Find Cheap Homeowners Insurance Quotes in Your Area
There are three ways to calculate the amount of protection your renters or homeowners insurance will provide: actual cash value (ACV), replacement cost value (RCV) and extended replacement cost value.
Most insurers offer all three options for policyholders to choose from. While replacement cost value policies are the most popular, understanding each option will help you choose the right balance of cost and protection for your coverage.
What is actual cash value coverage?
With actual cash value, your home's value is calculated in one of two ways:
- By determining the market value of your home
- Finding the initial cost of your home and personal property, and subtracting depreciation
Most standard homeowners insurance policies include coverage for the actual cash value of the insured’s personal property, as well as the replacement cost of your home's physical structure.
An insurance policy with coverage based on actual cash value will be the least expensive to purchase since depreciation is factored into the value of your home, and therefore the payments you receive for a claim are generally lower.
How is depreciation calculated?
Each home insurance company may calculate depreciation differently. A common method for determining depreciation takes into account an expected lifetime of an item, then subtracts a percentage of value for each year since its purchase.
- $1,000 / 10 total years = $100 per year in depreciation
- So after four years, the actual cash value of the T.V insured by your home policy would be $600.
As you can see, using actual cash value means that the insurance coverage for most of your personal belongings will decrease over the number of years you own them.
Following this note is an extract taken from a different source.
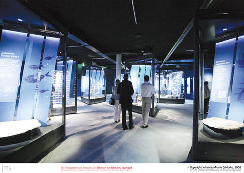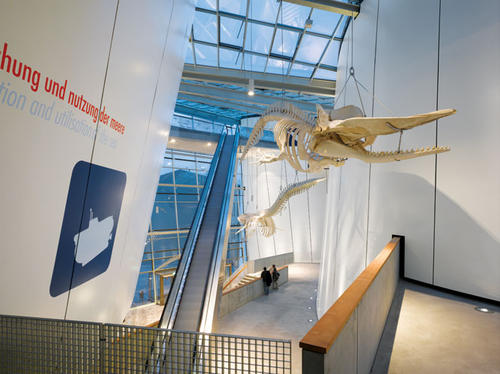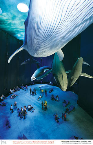 在弧形外殼的里面,有巨大的養(yǎng)魚缸、由“綠色和平組織”提供的實(shí)際尺寸的鯨的模型及關(guān)于波羅的海和北海的展覽,使參觀者沉浸在海洋生活中,同時(shí)提醒他們,關(guān)心本地環(huán)境和氣候變化的威脅。

What is replacement cost value coverage?
Sometimes called "RCV", replacement cost value covers the amount of money it would take to replace your current home — if damaged or destroyed — with the exact same home or a similar home in today's market. The replacement cost is usually calculated in one of the two following ways:
The total, initial price tag paid for all items The cost of physically building the home when it was purchased
Some home insurance policies and endorsements also include coverage for replacing personal property that is damaged or destroyed, however RVC does not cover the value of the land your property is located on.
Replacement cost value is the most recommended coverage option, since it can help policyholders secure a living situation that closely resembles their previous home.
It's generally recommended that you get a contractor or appraiser to evaluate your house's replacement cost. They'll know how to price the cost of the building's construction materials (like granite, windows, or doors), any unique or valuable upgrades or additions, and determine your house's fundamental value.
Sometimes the replacement cost is paid in two installments. First, the insurer will pay either the actual cash value or half of the replacement cost. Then, once repairs have been made and you can send documentation to the insurer, they will pay the remaining amount.
Guaranteed or extended replacement cost
Policies with guaranteed or extended replacement cost coverage offer the most costly but extensive protection. This coverage is essentially an expanded version of RCV coverage, but it also pays the cost to rebuild your home exactly as it was before a peril, even if the cost exceeds the estimated value of the home.
One major advantage is that, unlike regular RCV coverage, extended replacement cost coverage protects you against increases in materials or construction costs, which often happens after a disaster strikes many homes in one area. If you live in an area prone to natural disasters, and your budget allows it, extended replacement cost insurance is a good option.
Another coverage option to consider is an extended replacement policy, which covers you for an additional 20% to 25% more than the replacement value of the home.